The fundamental trade-off

Feature serving requires choosing between computation speed and data freshness, and you cannot optimize both simultaneously. If you precompute features, then you get fast lookups but stale data. If you compute on every request, then you get up-to-date data but slower responses. Patterns represent different positions on this spectrum.

What is a feature serving pattern?

A feature serving pattern determines when feature computation happens relative to prediction requests. This timing decision controls three critical properties: response latency, feature freshness, and computational cost.

Batch precomputation runs feature computation in scheduled jobs before requests arrive. At request time, you look up precomputed values from storage. This gives microsecond lookups, but features might be hours or days old.

On-demand computation runs feature computation when the request arrives. This gives up-to-date features but adds computation time to every request latency.

Hybrid computation precomputes expensive features in batch and computes cheap features on-demand, balancing speed and freshness by splitting the workload between the two approaches.

Why the same expression prevents drift

Traditional ML systems separate training and serving code. Training uses SQL or Spark queries for historical data. Serving uses Python or Java functions for real-time requests. Someone updates the training logic but forgets the serving logic. Aggregation formulas drift, causing models to train on one feature definition but see different features in production.

Xorq solves this through deferred execution, where the expression defines computation without executing it immediately. Training executes the expression on historical data while serving executes it on current data. Same logic everywhere produces zero drift.

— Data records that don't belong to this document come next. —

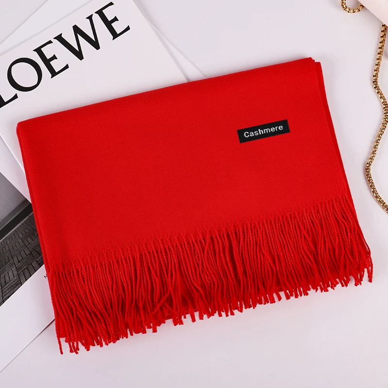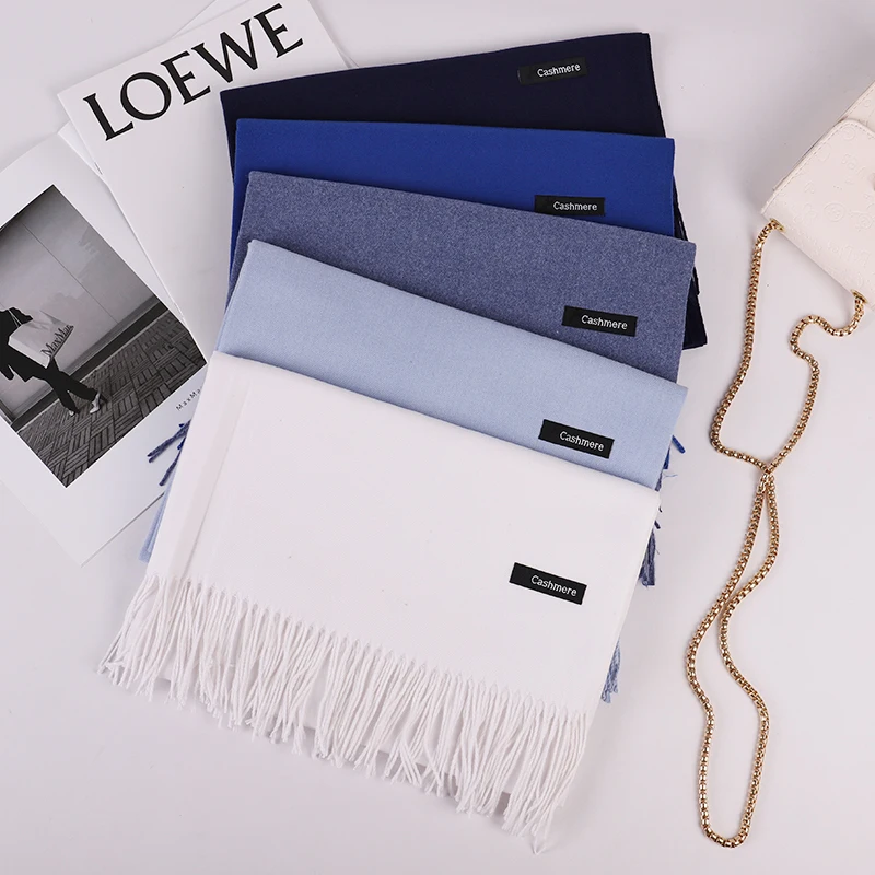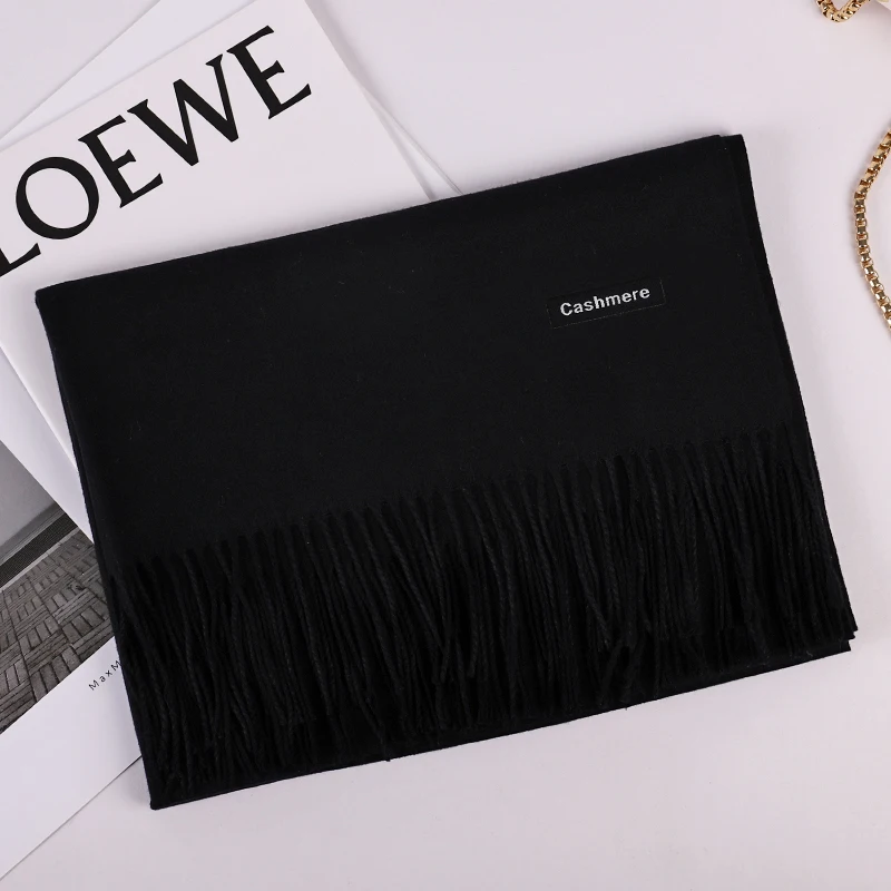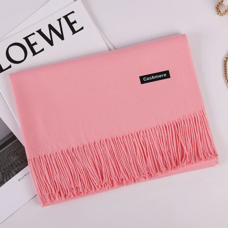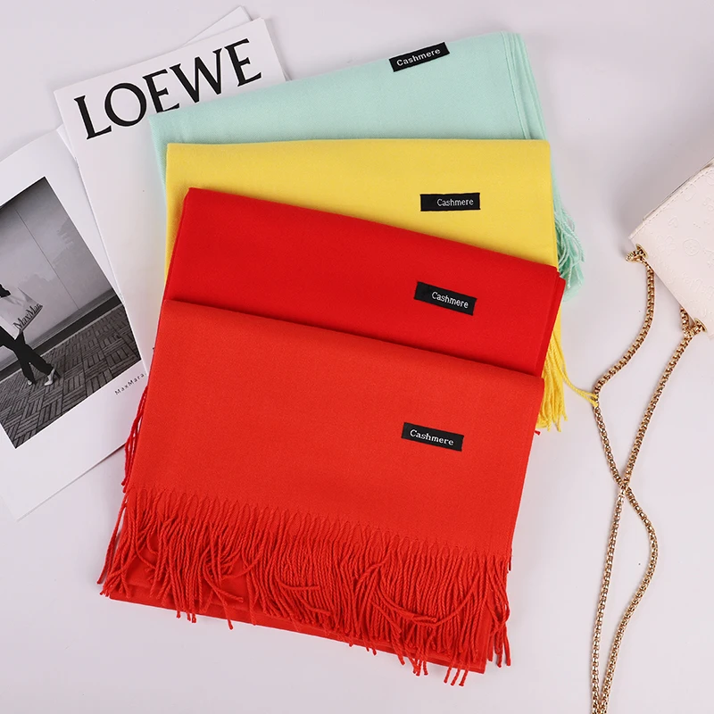 Шарф женский зимний однотонный с кисточками, кашемировые шали, 2021
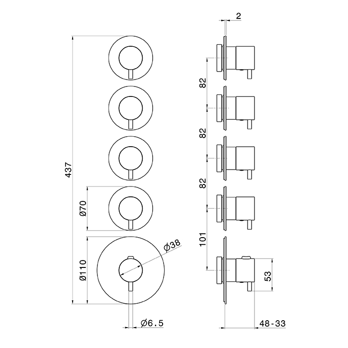 Смеситель для душа Newform X-Steel 316 69861EX.59.067 Медь Newform X-Steel 316 Внешняя часть термостатического смесителя на 4 потока с отдельными ручками запорного вентиля, цвет: PVD brushed copper bronze
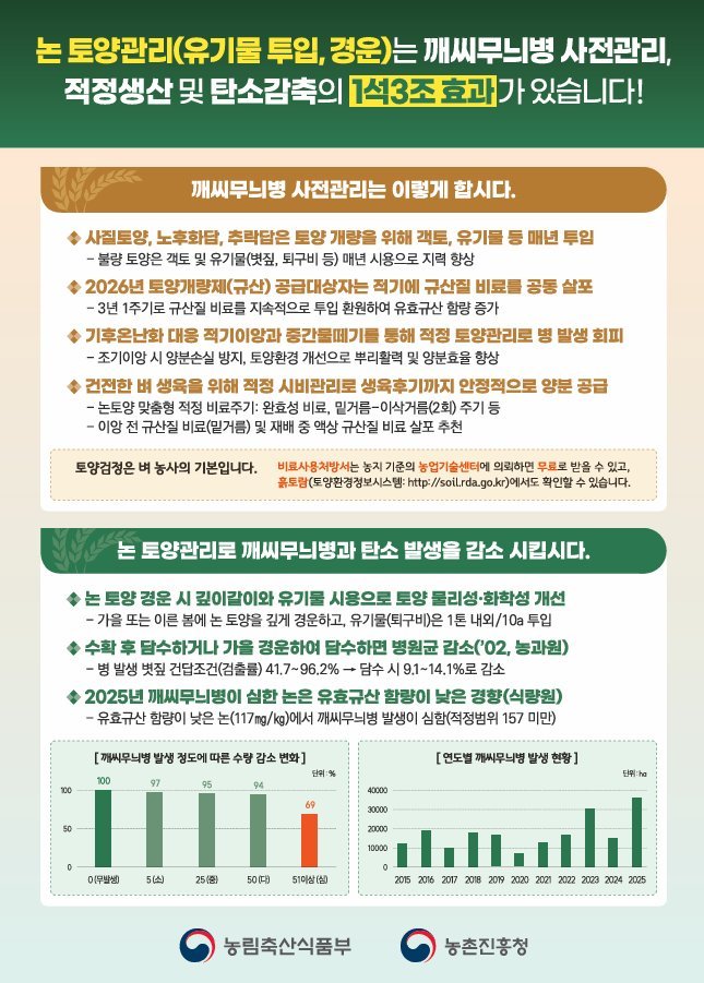 이와 함께 지역 여건에 맞는 조생종 또는 중생종 품종을 선택해 재배기간을 단축하고 출수 이후 고온기 노출 기간을 줄이면 깨씨무늬병 발생 위험을 낮출 수 있어 지역 적합 품종 선택이 중요하다.
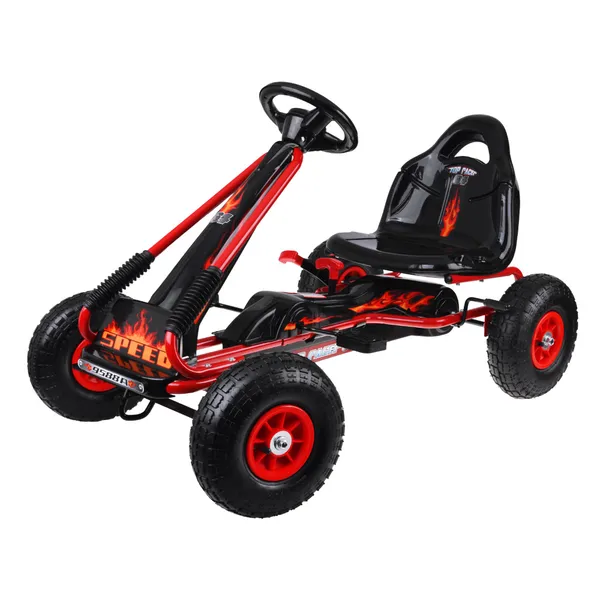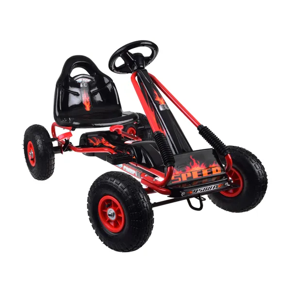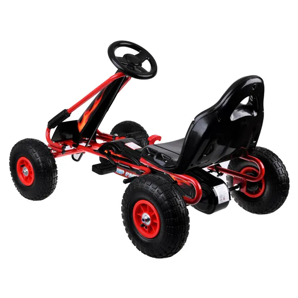 A nagy, pedálos gokart tökéletes társ a szabadtéri kalandokhoz: strapabíró acél váz, sportos kormány és csendes, felfújható gumikerekek gondoskodnak a kényelmes, biztonságos gurulásról.

This is why patterns matter. If the same expression works in both contexts, then you can choose when to execute it. Batch execution happens before requests, while on-demand execution happens during requests, but the computation logic stays identical regardless of timing.

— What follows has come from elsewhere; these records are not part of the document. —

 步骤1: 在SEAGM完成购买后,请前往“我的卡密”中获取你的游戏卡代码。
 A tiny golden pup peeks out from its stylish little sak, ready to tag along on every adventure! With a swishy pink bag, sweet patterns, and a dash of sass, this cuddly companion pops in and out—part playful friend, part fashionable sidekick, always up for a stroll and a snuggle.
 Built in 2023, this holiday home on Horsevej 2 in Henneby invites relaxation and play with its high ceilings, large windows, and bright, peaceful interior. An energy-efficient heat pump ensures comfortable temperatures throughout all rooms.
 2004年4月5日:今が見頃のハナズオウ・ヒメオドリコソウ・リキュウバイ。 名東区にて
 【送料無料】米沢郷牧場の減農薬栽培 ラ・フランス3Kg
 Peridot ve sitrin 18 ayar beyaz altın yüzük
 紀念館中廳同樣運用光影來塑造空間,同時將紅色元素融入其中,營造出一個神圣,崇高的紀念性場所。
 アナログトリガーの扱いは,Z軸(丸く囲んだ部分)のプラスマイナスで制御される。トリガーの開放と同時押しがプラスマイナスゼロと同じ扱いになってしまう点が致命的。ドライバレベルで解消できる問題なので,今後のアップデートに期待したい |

Pattern 1: Batch precomputation

Batch precomputation separates computation from serving. Scheduled jobs compute features periodically for all entities. Results store in fast-access storage so requests perform lookups instead of computation.

The mental model

Think of batch precomputation like a phone book where the phone company compiles all numbers once. When you need a number, you look it up instantly, accepting that new numbers take time to appear in the book.

How timing works

Understanding when computation and serving happen clarifies why batch precomputation delivers fast responses.

Before requests: This is the batch phase. Scheduled jobs run on a regular schedule. The expression executes on the entire dataset. Results write to storage indexed by entity ID. You can now query storage for fast lookups.

During requests: This is the serving phase. Requests arrive with entity IDs. The system looks up precomputed features by ID and returns cached results immediately. No computation happens during the request.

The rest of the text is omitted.